Histoire de la maladie des pommes de terre en 1845/Chap IX

Chapitre IX - De l'innocuité des tubercules malades comme aliment.


CHAPITRE IX.


De l’innocuité des tubercules malades comme aliment.


L’expérience a démontré aujourd’hui que l’usage alimentaire des pommes de terre malades ne produit aucun effet nuisible ni sur la santé des hommes ni sur celle des animaux domestiques, et qu’à plus forte raison, en enlevant les portions altérées, on conserve aux tubercules toutes leurs qualités. Je puis citer, à l’appui de ce fait, ce qui se passe depuis plusieurs semaines dans les casernes de la banlieue de Paris, où les soldats se nourrissent de tubercules avariés qu’ils obtiennent à très bas prix, et qu’ils préfèrent, après les avoir épluchés, aux légumes secs ; il est bien entendu qu’il ne peut être question ici de tubercules putrilagés.

En Hollande, des familles indigentes, dont la nourriture consiste cette année en pommes de terre malades, n’éprouvent d’autres désagréments que celui d’ajouter, à cet aliment de mauvaise qualité, une faible quantité de vinaigre pour masquer l’odeur que répandent, par la cuisson, les tubercules avariés. Les petits cultivateurs du même pays, pour qui ces tubercules doivent former la base de l’alimentation, y ajoutent quelques gros légumes au lieu de se nourrir exclusivement de pommes de terre bouillies suivant l’usage du pays. Ces expériences reproduites depuis quelques semaines sur une grande échelle, sont démonstratives et de nature à calmer les craintes pour l’avenir.

En Belgique, on a reconnu que des porcs pouvaient être impunément nourris pendant trois mois au moyen de tubercules avariés, bouillis ou crus ; ce résultat fort important, comme l’a fait remarquer M. Bourson, permet au petit cultivateur de compter sur l’engraissement du porc qu’il entretient pour servir à sa nourriture d’hiver.

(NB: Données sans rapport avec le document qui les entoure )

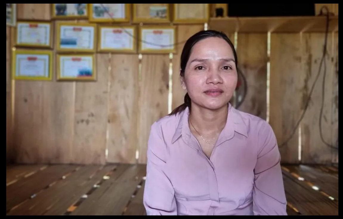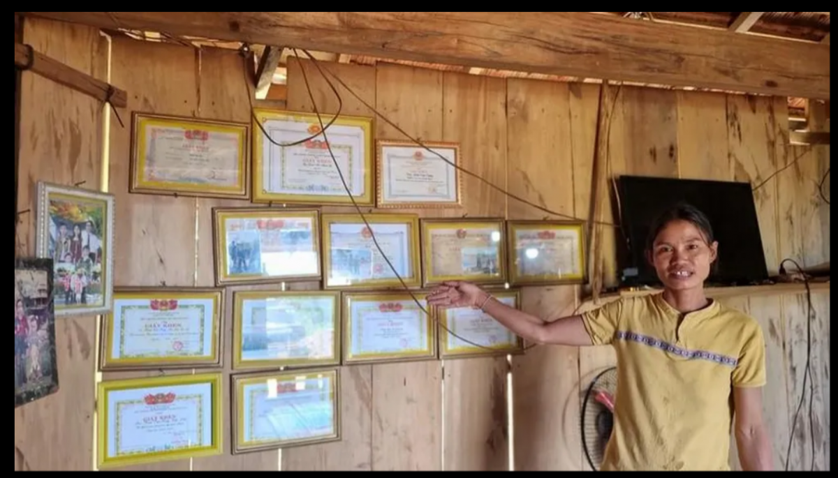 | Chị Đinh Thị Nhiêu - một hộ gia đình tiêu biểu ở Đắk Pao, đứng cạnh vách tường treo đầy tấm giấy khen của các con. |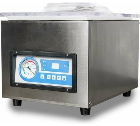Хорошо вакуумирует, тяжелый, большая камера. Впритык влез пакет 25х35. Запаяло без проблем.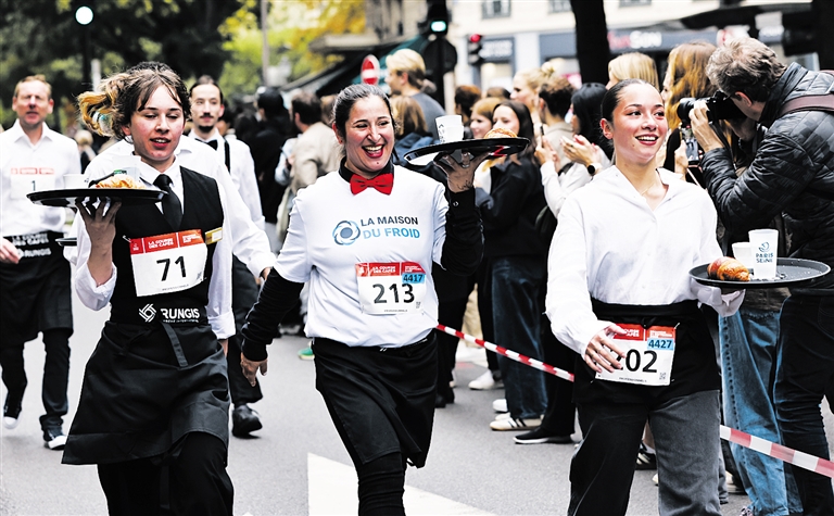 9月21日,参赛者在法国巴黎参加服务员赛跑。当日,法国首都巴黎举行具有百年历史的服务员赛跑活动。数百名穿着制服的男女服务员手托餐盘,餐盘内放着羊角面包、一个空咖啡杯和一杯水,从巴黎市政厅出发,沿环线跑完4公里的赛程。巴黎服务员赛跑最早始于1914年。今年还增加了普通民众赛跑环节。 新华社记者 高静 摄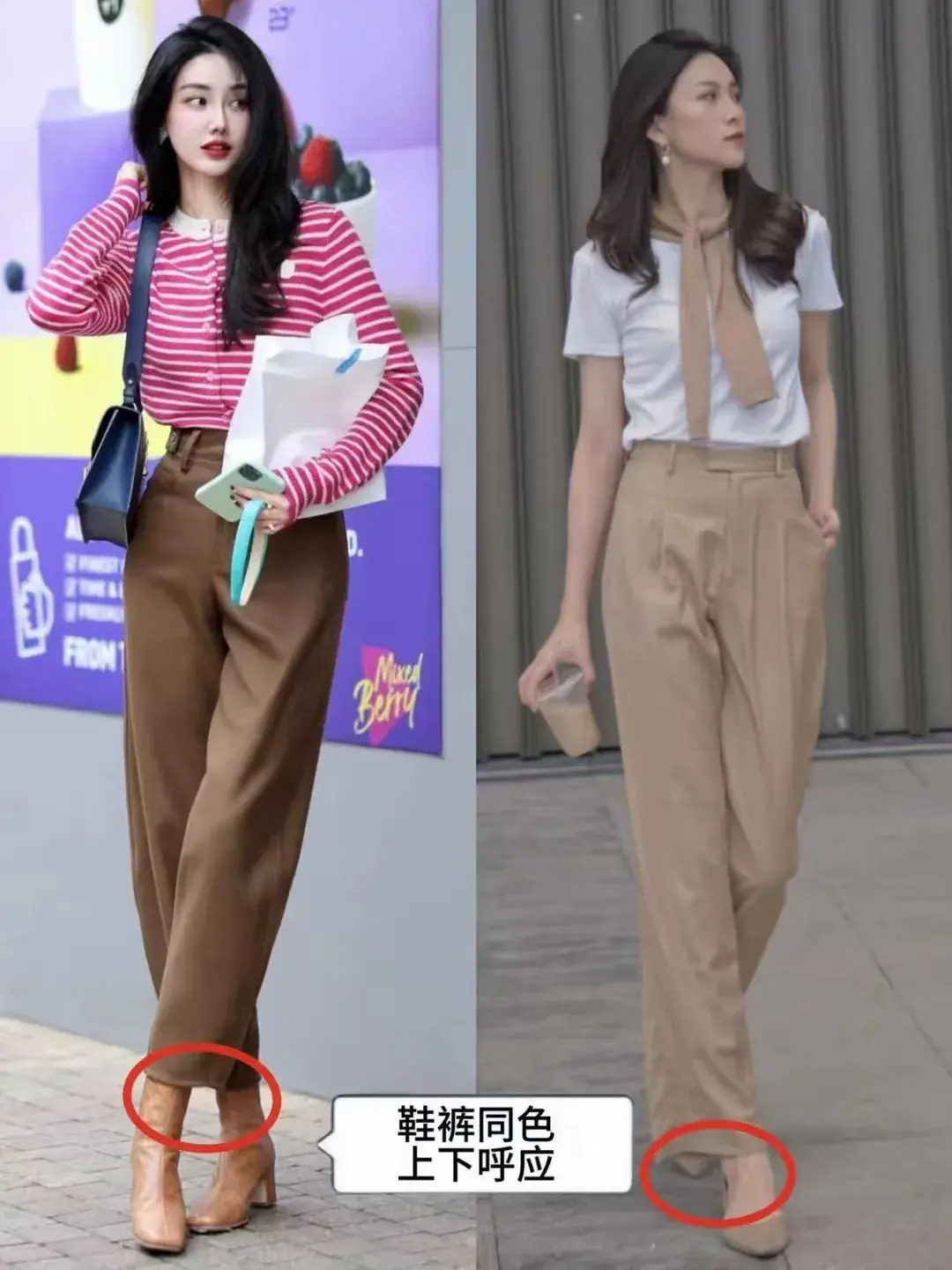 鞋子的选择也是很关键的,例如下面这两位素人博主的穿衣示范,鞋子的颜色和裤子的颜色同色系的形成了上下呼应的效果,这种情况下穿出来的造型会更大气。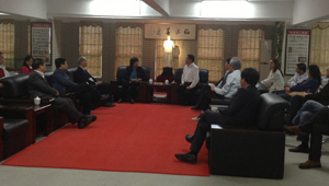 4月20日下午,教育部职业院校外语类专业教学指导委员会(以下简称外语教指委)刘黛琳主任率领2014年海峡两岸高职外语教育院校校长论坛参会代表一行30余人莅临开云官网潘渡新校区参观交流。开云官网党委副书记黄跃舟、副校长胡新平热情地接待了来访客人,并进行了座谈。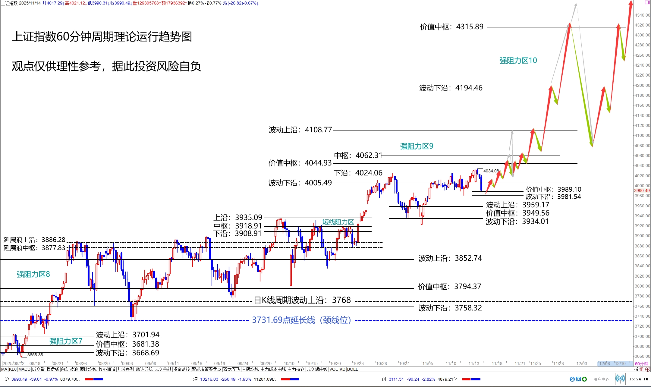 下图是我在《上周五收评》中为大家预测并绘制的《上证指数60分钟周期理论运行趋势图》

Des observations suivies avec soin, du 24 août au 7 septembre, par M. Numan, professeur à l’école vétérinaire d’Utrecht, ont prouvé d’une manière plus certaine encore l’innocuité des tubercules avariés sur des porcs et des chiens. Quatre porcs, nourris chaque jour avec dix kilogrammes de tubercules crus et très gâtés, auxquels on ajoutait deux litres de lait de beurre, se sont engraissés comme ceux auxquels on accordait dix kilogrammes de pommes de terre gâtées et bouillies, deux litres de lait de beurre et un kilogramme de farine d’orge.

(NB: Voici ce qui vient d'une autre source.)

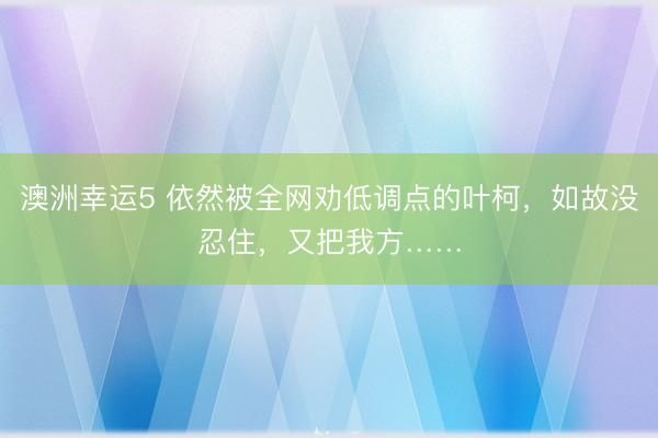 澳洲幸运5 依然被全网劝低调点的叶柯,如故没忍住,又把我方……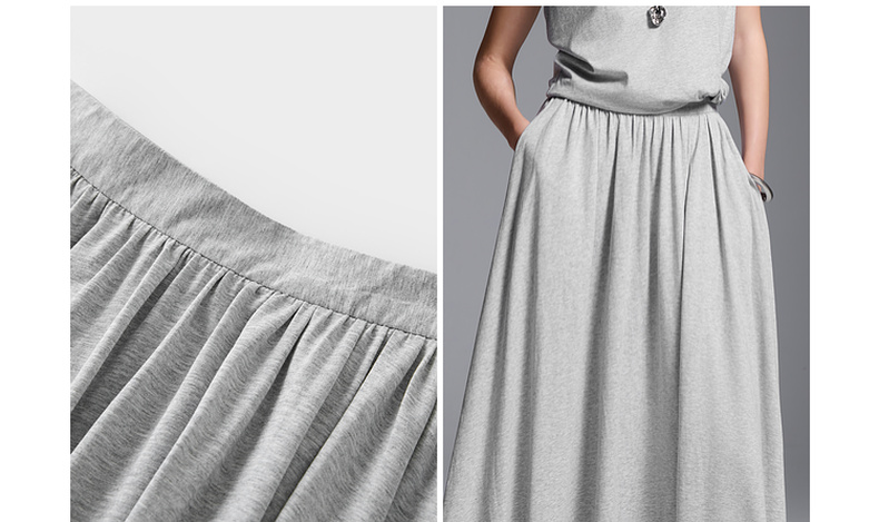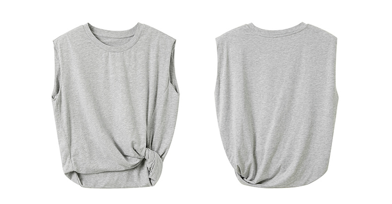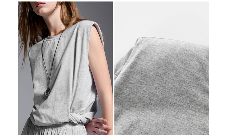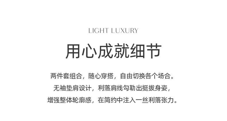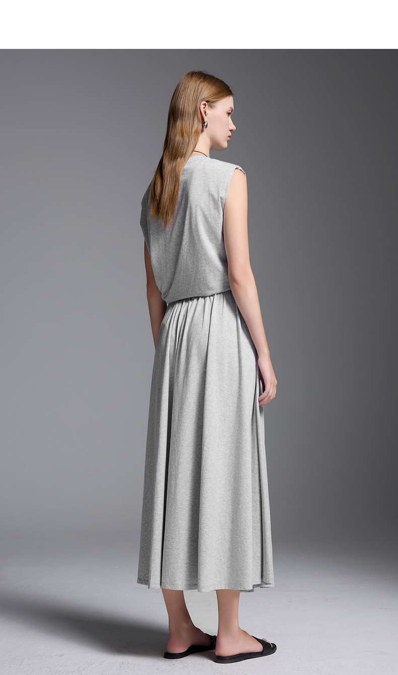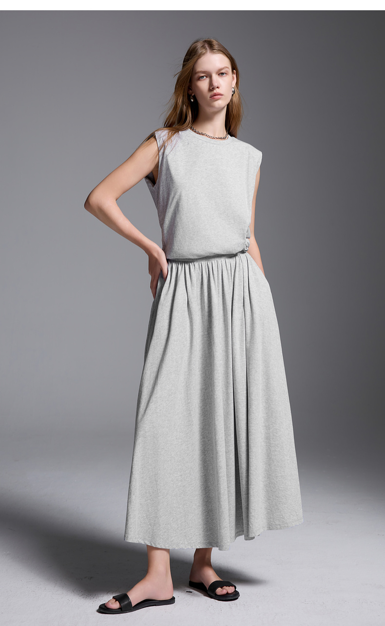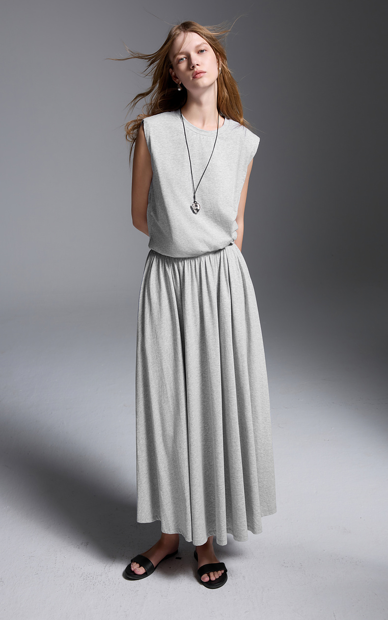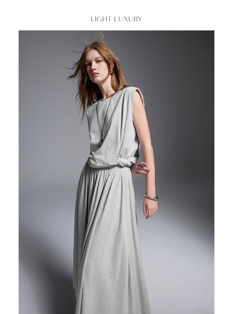三彩2025夏季新款极简风套装圆领无袖垫肩上衣松紧腰半身裙S

Il est un fait plus rassurant encore à ajouter, c’est que les bestiaux, et surtout les porcs, nourris exclusivement aujourd’hui de tubercules fortement avariés n’ont ressenti jusqu’ici aucune incommodité, et que les cultivateurs paraissent, du moins en Belgique et en Hollande, entièrement rassurés sur les effets de ce mode d’alimentation. Ce fait est d’autant plus important qu’il atténue les résultats désastreux de la maladie. Partout en Belgique on ramasse les pommes de terre, depuis longtemps abandonnées dans les campagnes, pour en nourrir les bêtes à cornes, auxquelles on les administre, il est vrai, avec modération. Aujourd’hui revenu en général à des idées plus justes, quoique fort éloignées encore de la vérité, le cultivateur ne perd rien des tubercules qu’il avait jugé prudent de rejeter dans le principe, lorsque, sous la préoccupation d’une croyance erronée, il attribuait aux tubercules malades tous les cas de mort qui se manifestaient parmi ses animaux domestiques.

En résumé, rien ne prouve le danger des tubercules malades ; et si, contre toute probabilité, la maladie venait à sévir de nouveau, les cultivateurs, éclairés par tout ce qui précède, trouveraient pour eux-mêmes un emploi utile des tubercules gâtés, et sauraient qu’à l’aide de quelques légères précautions ils peuvent, avec la même sécurité, nourrir leur bétail des parties les plus avariées.